Deux esquives sont soulignées : la réserve « à ma connaissance, aucune » sur le recours à une société de media training, aussitôt relevée par Alloncle ; et le refus initial de communiquer certains chiffres, Vion renvoyant à des envois écrits ultérieurs.
Ce que l'audition apporte au dossier
Elle documente, côté direction, une doctrine de défense cohérente : sincérité validée par les corps de contrôle, dégradation imputée à la baisse des concours publics, incomparabilité avec le privé. Elle acte surtout que le désaccord avec la Cour porte moins sur les faits que sur leur qualification (équilibre d'exploitation vs résultat net déficitaire, actif vs invendu, problème juridique vs faillite).
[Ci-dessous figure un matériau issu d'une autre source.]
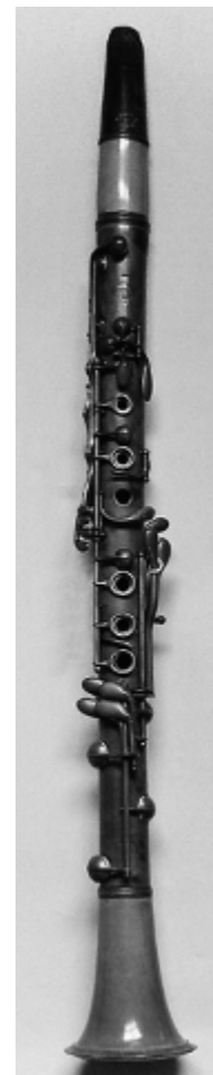
15. sz. ábra: Böhm-rendszerű klarinét

A mai, modern klarinét általában 13-20 billentyűvel rendelkezik 10 (lásd 17. sz. ábra). Bár fogásai, fogáskombinációi – az oktáv helyett duodecima-váltás és a kibővített alaphangsor miatt – komplikáltabbak, nehézkesebbek a többi fafúvós hangszerénél, a szabadon rezgő szimpla nádnyelvvel történő hangképzésnek köszönhetően technikailag a fúvós hangszerek legfürgébbjei, legvirtuózabbjai közé tartozik, csaknem utolérve a fuvolákat. 11 Hangterjedelme óriási, több mint

Le président nuance la charge en pointant la responsabilité de l'État — « Aucune entreprise privée ne pourrait être pilotée avec des budgets aussi fluctuants ! » — tout en appuyant plusieurs griefs (véhicules de fonction, transactions de départ). Enfin, l'audition laisse ouverts plusieurs points de vérification (chiffres promis par écrit, coût de Cannes, existence d'un media training), et met en cause la communication de FTV sur les réseaux sociaux, qualifiée par le rapporteur d'atteinte au « pouvoir du Parlement de contrôler une entreprise publique ».